The SMLE is easy:  turn it into a “mantlepiece gun” — put it up on the wall somewhere as a decoration, and give the old war weapon a dignified retirement.  There’s no point in “fixing” it, because the history is too important — why lose that piece of history when you could take the same money and get a new gun for about the same price?

As for the 1911,  I say the opposite:  go for it, and fix it up;  turn it into a shooter.  Frankly, from the sound of it, the gun has been all but destroyed, and as such it has little real intrinsic value, especially as it wasn’t a service piece.  By all means replace all the innards (don’t forget the firing pin) and get it running.  Oh, and you may want to talk to a gunsmith about the serial number:  for some reason, the fuzz don’t take too kindly to an anonymous gun, and it may be necessary to redo the stamping (along with a certified notification for future use).  Also check for frame cracks, because from all accounts the poor old thing has been horribly abused.

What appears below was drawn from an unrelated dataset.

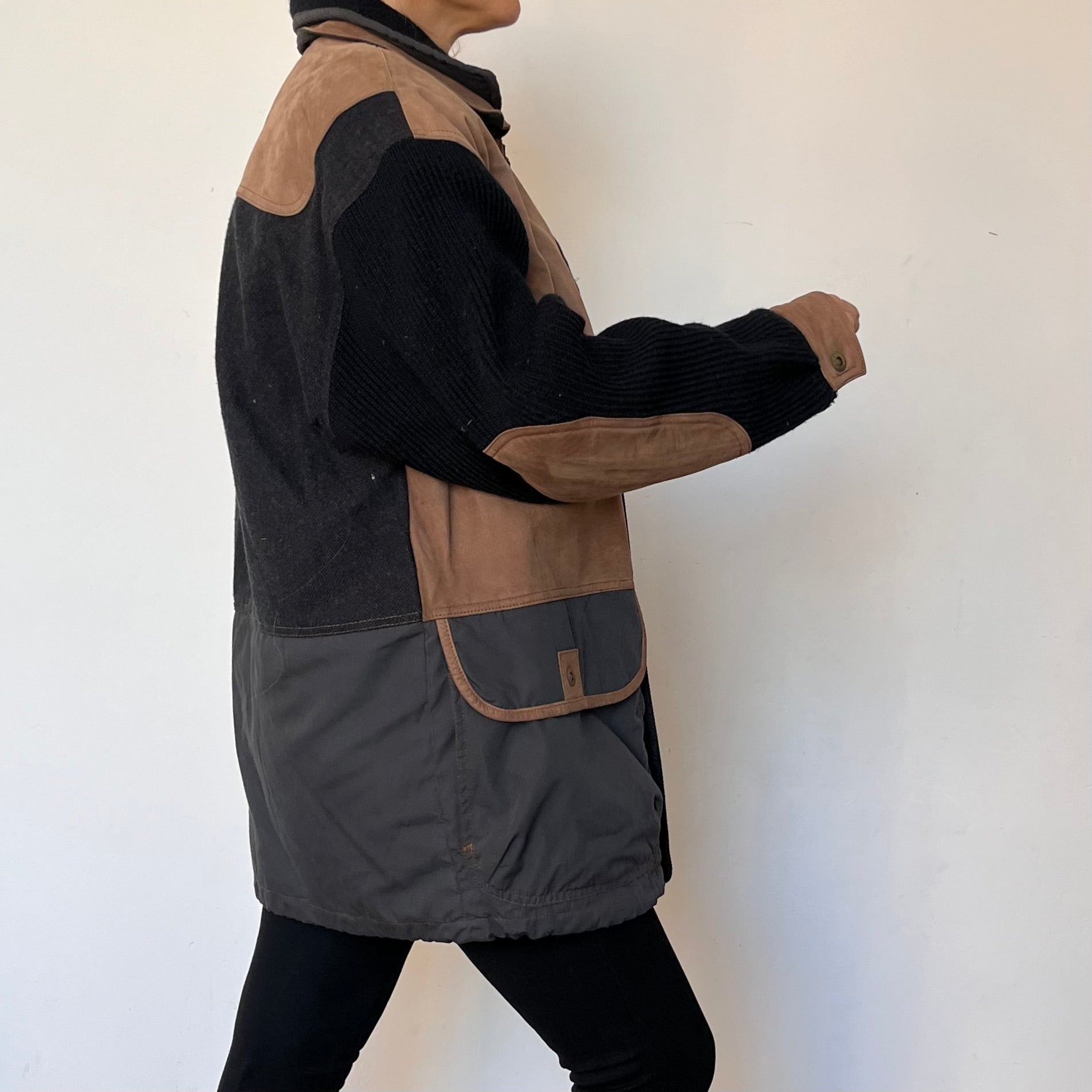 with ribbed black knit sleeves and a dark cotton–polyester body,

It’s an interesting conundrum, isn’t it?  And thanks for the letter.

Gun Story

From Reader Dave L.:

Should you run out of stuff for your blog (highly doubtful) here’s nice piece of gun porn. It’s a Uberti Cattleman in .357.  I really like the case hardened frame against the blued cylinder and barrel  (me too — K).

I bought this some years back when the gov did an “economic stimulus” of $400 for veterans.  I decided that the best thing I could do with the check was to piss off Nancy Pelosi and buy a gun so I took a ride up to H&H in Oklahoma City.  I may have paid a bit too much but I fell in love with the look and just had to add it to my collection.
I went with .357 because I have several revolvers and one long gun (Rossi 92) in that caliber.  I have .38 and .357 reloading dies and about 3500 rounds in stock.  The pistol rides in a nice holster that I bought down in Mexico back when it was safe to cross the border.
If our idiot governor had signed off on Constitutional Carry, this was going to be my BBQ gun.  It shoots pretty straight and with a stout hollow point .357 load I don’t think that I’m going to need more than six anyway.

“Hi, my name is Dave, and I’m addicted to pretty guns.”